What about some chick in chainmail attempting a Spider-Man pose? Think we can work that in, at some point?
What about some chick in chainmail attempting a Spider-Man pose? Think we can work that in, at some point?

– Dragons whose singing brings the sun up in the morning

– Swashbuckling with swords forged in Death’s own blood

– Somebody named [insert the coolest name you ever thought of here]

– A sweet romance between the royal heroine and the guy who tests her food for poison

– That one inside joke that no one will get except for you and your friend, but that’s okay because you don’t need that context for it to make sense within the plot

It is fully possible to combine these two lists into one fantastic story.
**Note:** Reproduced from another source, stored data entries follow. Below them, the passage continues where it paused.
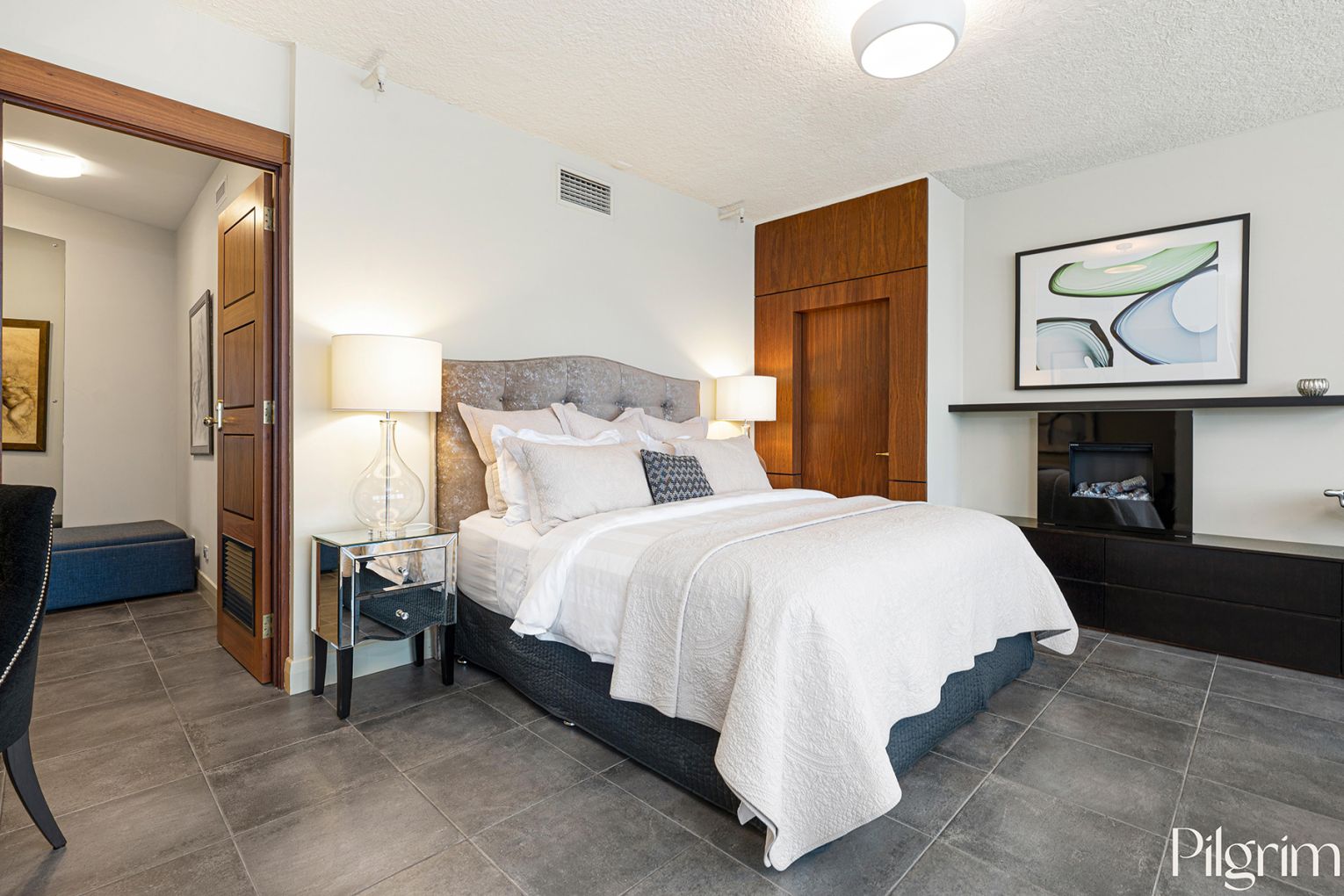 Adding an exceptional layer of versatility and luxury, the property also includes a fully self-contained private suite on the same level, ideal for guests, extended family, executive use, or premium short-stay income. Overlooking the square, this sophisticated space features a full bathroom with bath, open-plan kitchen, lounge and sleeping area, dressing room, study nook, built-in speakers, and a fireplace, offering five-star independence while remaining seamlessly connected to the main residence.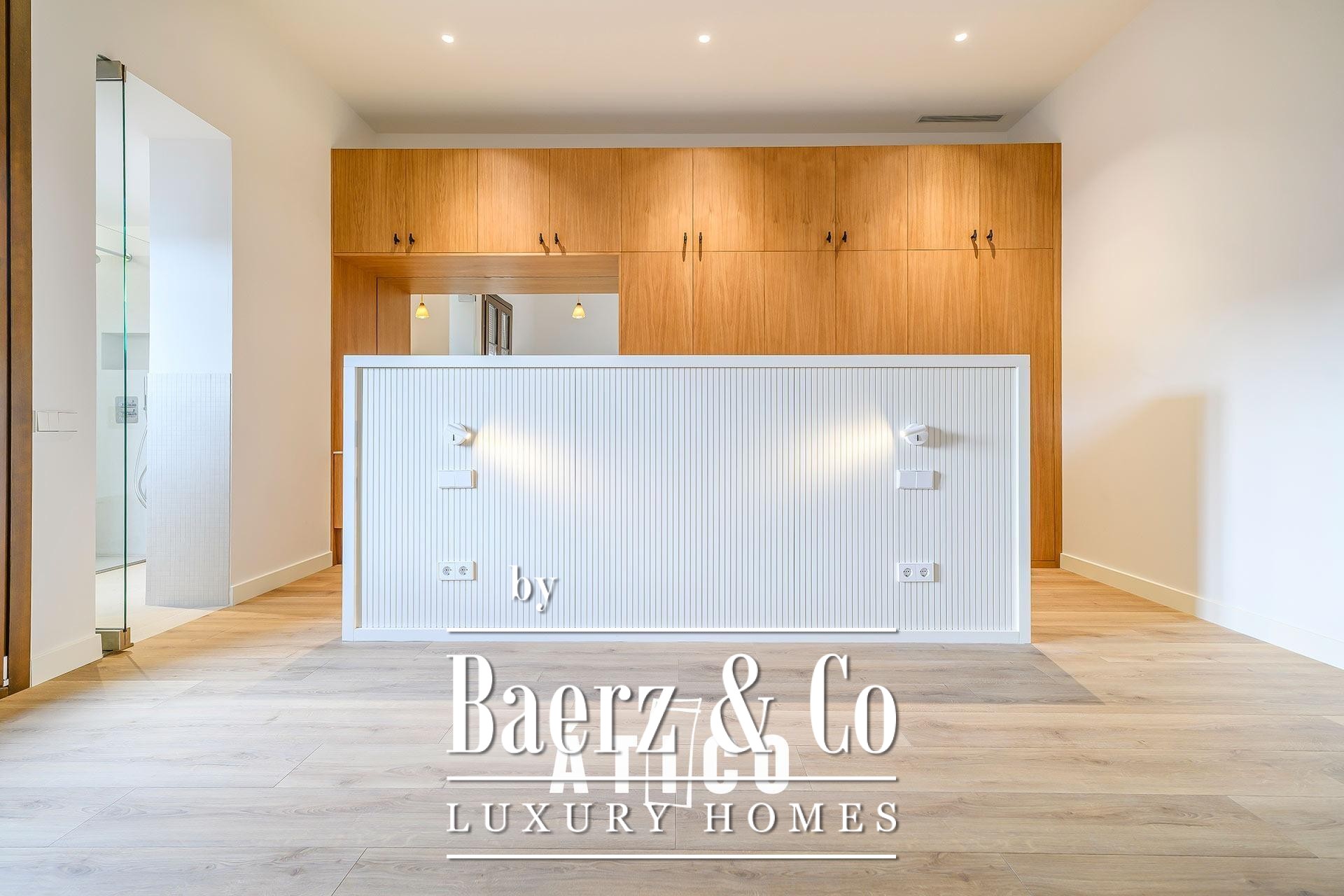 This duplex apartment Barcelona stands as a testament to refined urban living, offering 212.51 m² of newly renovated space across two distinct floors. Designed with flexibility in mind, its independent entrances provide options for privacy, work, or hospitality, allowing seamless transitions between day and night zones or dual-purpose living. Upon entry, a modern staircase defines the interior, lending the home a confident architectural rhythm and connecting both levels.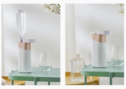 另外这款饮水机有两种接水方式,支持250mm-500ml的瓶装水,目前市面上大部分矿泉水都能轻松搭配,也可以用饮水机自身配备的软管抽取桶装水,不管身处何方,用起来都十分方便。
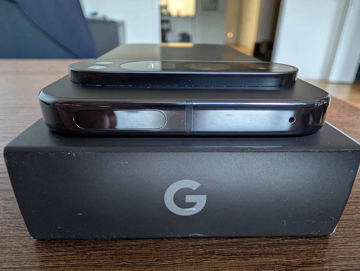 Minor wearing marks because of the case (on the volume button side and bottom), see pics for more details.
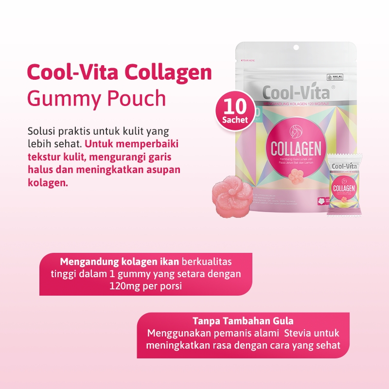 COOLVITA ORIGINAL 1 Pouch Collagen Gummy Rasa Jeruk Bali dan Lemon | Gummy Sehat Penuh Manfaat | Suplemen Glowing Rambut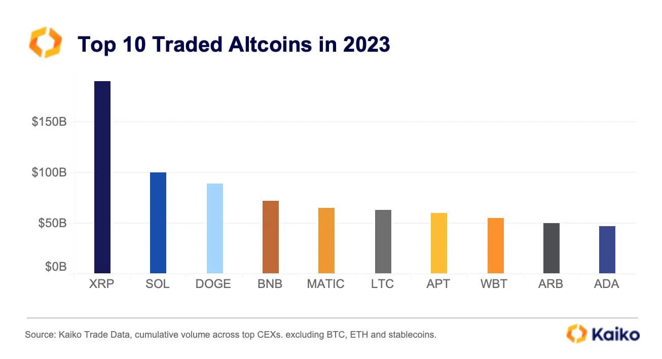 XRP stał się również najpopularniejszym altcoinem pod względem wolumenu obrotu z wyłączeniem Ethereum. Kolejne dwa miejsca w rankingu zajęły Solana i Dogecoin.
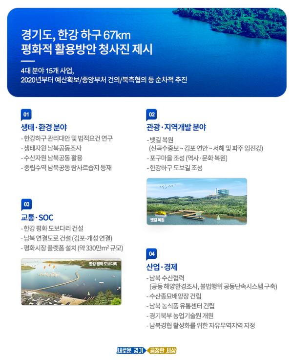둘째, ‘관광·지역개발’ 분야에는 뱃길 복원, 포구마을 조성, 한강하구 도보길 조성 등 3개 사업이 포함됐다.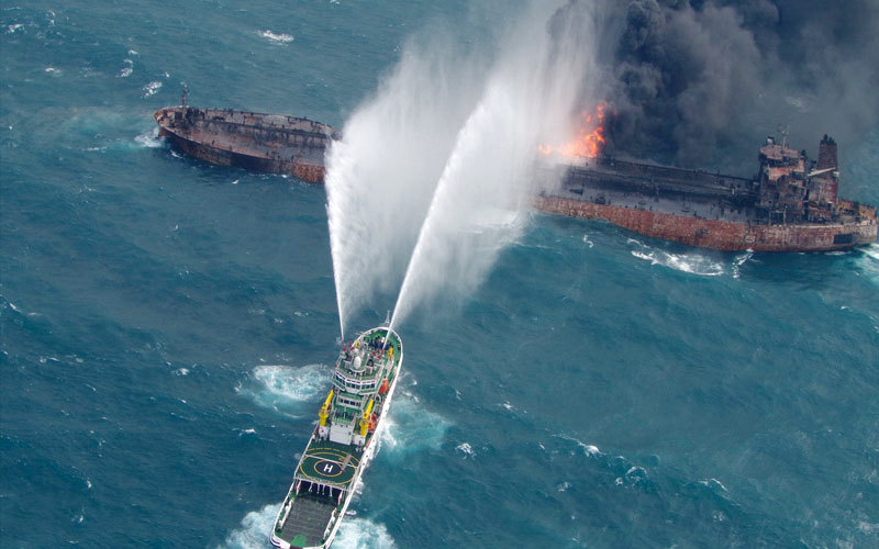 ناقلة نفط إيرانية مشتعلة تجنح إلى المنطقة الاقتصادية الخالصة لليابان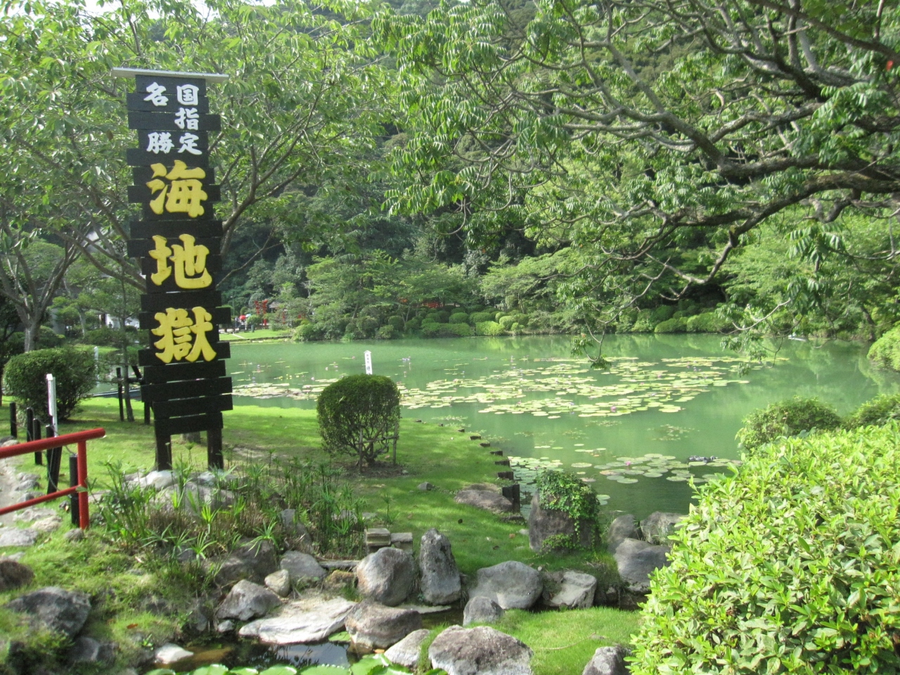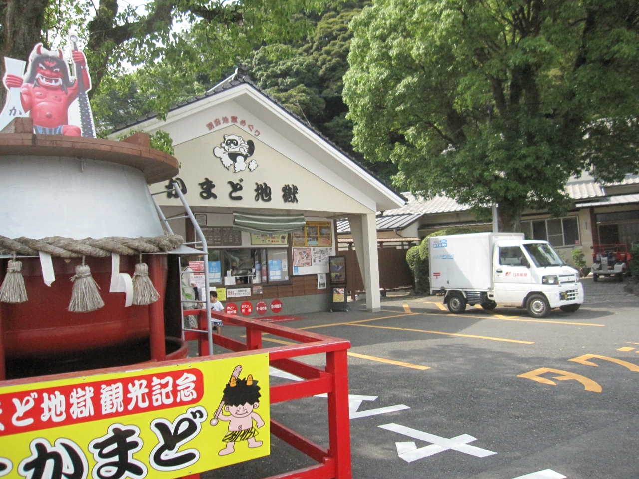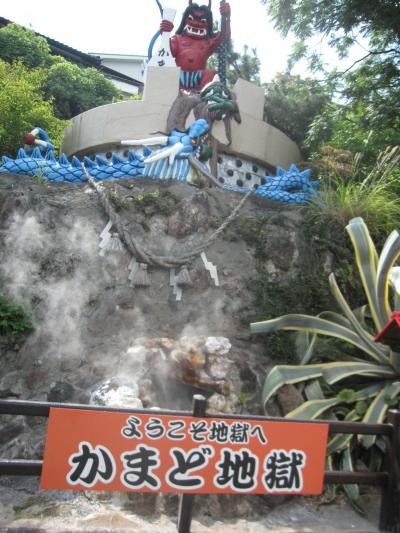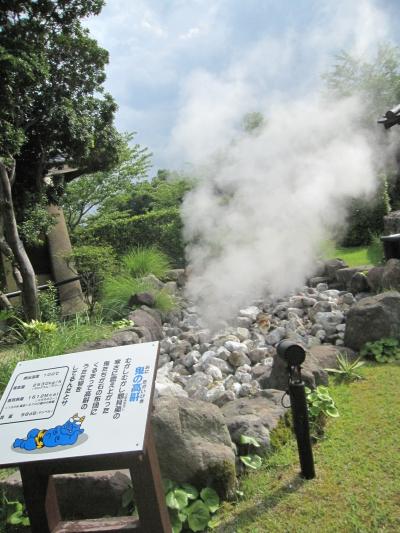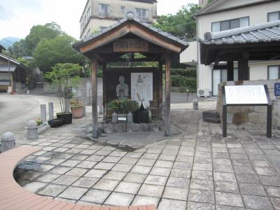 地獄めぐり観光のメインストリート「みゆき坂」を下るとその先は「いでゆ坂」となり、その坂の石段を上がったところに「むし湯と足蒸し」のスポット、それに「鉄輪むし湯」や周辺の温泉を開いたとされる鎌倉時代中期の僧侶「一遍上人」の像がありました。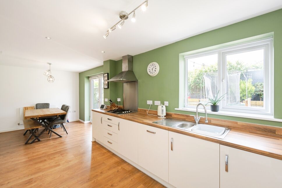 A bright and airy kitchen/dining area featuring complementary wall and base units with an integral stainless steel sink, fridge freezer and dishwasher. Oven and storage cupboard. Fitted with French doors to the rear garden and tiled flooring.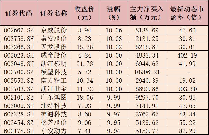 表:6月22日汽車零部件板塊內13只漲停股一覽

So long as we writers get done what we need to, we can build whatever we want around it – even the crazy stuff like Peter Pan flight, teleportation to Disney World, and waking up as Allyn-a-Dale.

Fiction is flexible like that. Life can be, too, in its own realty-bound way. Thank goodness for that, or I’d have to feel really terrible about how one thing or another on my To-Do Lists so often get put off until another day.